There’s going to be a lot of prognosticating between now and November 2022 that will give an illusion of drama to what’s a foregone conclusion. You don’t need a crystal ball to foretell the outcome of next year’s midterm election; you only need to look at a map.
Specifically, this congressional map that’s poised to pass Ohio’s Republican-controlled Legislature. Former President Donald Trump won Ohio with 53 percent of the vote in 2020 — but under the map that passed the state’s Senate on Tuesday, the GOP is guaranteed 80 percent of the state’s seats in Congress. If the two remaining swing districts in the proposed map go their way next year, Republicans could control up to 87 percent of Ohio’s 15 congressional districts.
Breaking: Ohio Senate passes extreme gerrymandered Congressional map giving Republicans 80% of seats in state Trump won with 53% of vote
— Ari Berman (@AriBerman) November 16, 2021
Ohio is just the most recent example that illustrates the GOP’s plan to determine the winners of next year’s races before a single vote has been cast. And it’s not clear from the outside that Democrats in Washington grasp the situation. There are two bills languishing in the Senate that would limit the harm from GOP gerrymandering — but no real plan to pass either of them.
The free-for-all is being made manifest in maps that threaten to block Democrats from power at both the state and federal levels over the next decade.

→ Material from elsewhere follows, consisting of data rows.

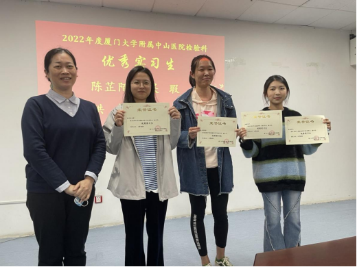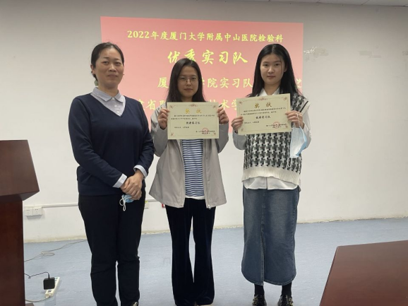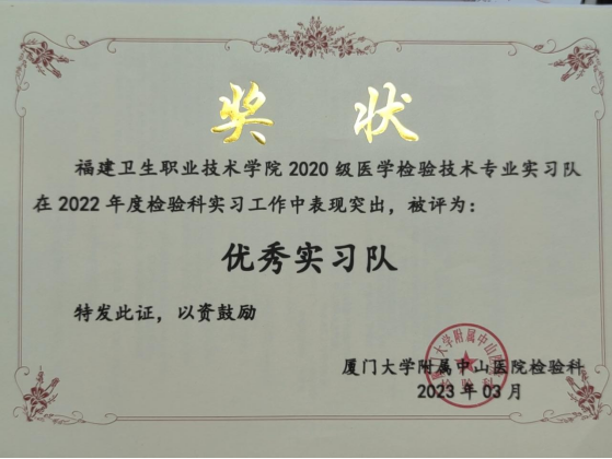2023年3月30日,廈門大學附屬中山醫(yī)院檢驗科為2023屆實習生舉辦表彰大會,福建衛(wèi)生職業(yè)技術學院檢驗專業(yè)實習隊獲得“優(yōu)秀實習隊”稱號,20檢驗301班洪馨同學與20檢驗303班吳瑕同學獲評“優(yōu)秀實習生”。
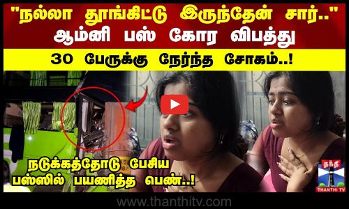 "நல்லா தூங்கிட்டு இருந்தேன் சார்.." ஆம்னி பஸ் கோர விபத்து 30 பேருக்கு நேர்ந்த சோகம்..! நடுக்கத்தோடு பேசிய பஸ்ஸில் பயணித்த பெண்..!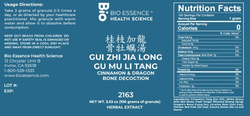 Bio Essence Health Science, Gui Zhi Jia Long Gu Mu Li Tang, Cinnamon & Dragon Bone Decoction, Granules, 100 grams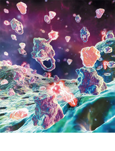 وهي القطع اللامعة الصغيرة ملتصقة بالخلايا السرطانية كبيرة الحجم لتدميرها.

As things stand, it won’t take much manipulation for the Democrats to lose one or both houses of Congress next year. They hold the Senate only through dint of the vice president’s tiebreaking vote; Speaker Nancy Pelosi of California holds the gavel thanks to a House majority of less than half a dozen seats. And with more than 350 days until the midterms, The New York Times believes “Republicans are already poised to flip at least five seats in the closely divided House thanks to redrawn district maps that are more distorted, more disjointed and more gerrymandered than any since the Voting Rights Act was passed in 1965.”
That last bit is no coincidence. The current redistricting push is the first since the Supreme Court gutted the Voting Rights Act’s preclearance requirements in 2013. Before then, many of the states racing to restrict voter rights had to submit their electoral maps to the Justice Department before they could be put into place. Now the free-for-all is being made manifest in maps that threaten to block Democrats from power at both the state and federal levels over the next decade.

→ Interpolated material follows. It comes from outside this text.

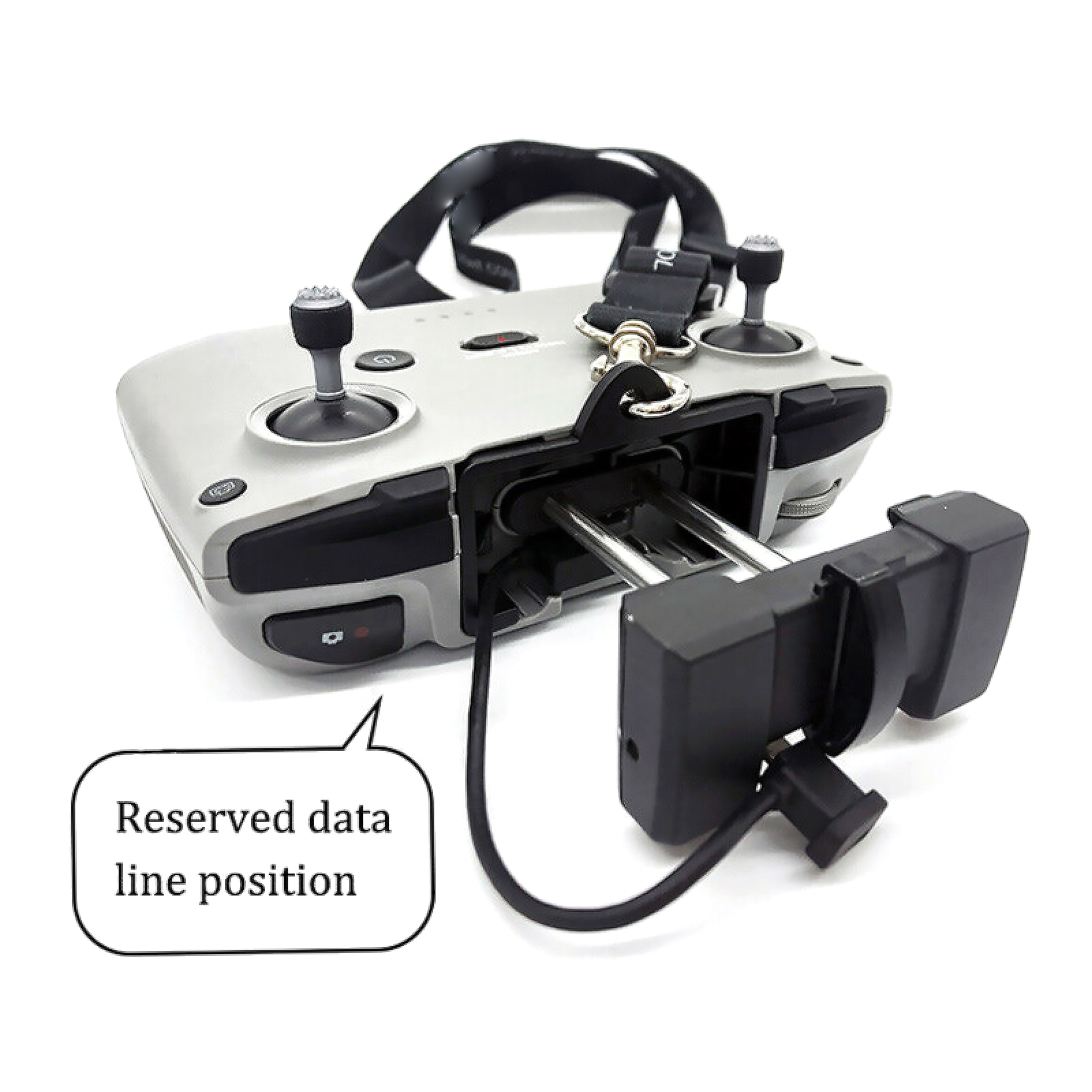 2. The fixed clip can not only fix the lanyard but also fix the data cable connected to the remote control, so that it won't sway around;

If Ohio’s allocation of seats seems skewed, wait until you look at North Carolina’s. During the last redistricting cycle, state and federal courts eventually forced the GOP-controlled Legislature to redraw its maps twice. When voters went to the polls last year, when Trump won by just 1.3 percentage points, there were eight GOP-favored congressional seats and five that leaned toward Democrats.

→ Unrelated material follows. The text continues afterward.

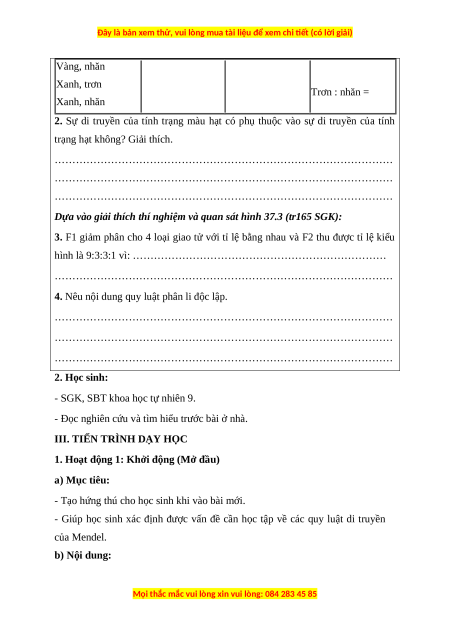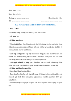 Giáo án Bài 37 KHTN 9 Kết nối tri thức (2024): Các quy luật di truyền của Mendel

But wouldn’t you know it: The new map passed this month in Raleigh looks weirdly like the original map the GOP drew a decade ago, even though minority groups have been responsible for nearly 90 percent of North Carolina’s population growth since then. If the state courts allow the scheme to stand, the GOP will control 10 or 11 of the state’s 14 congressional seats before a single race has been called.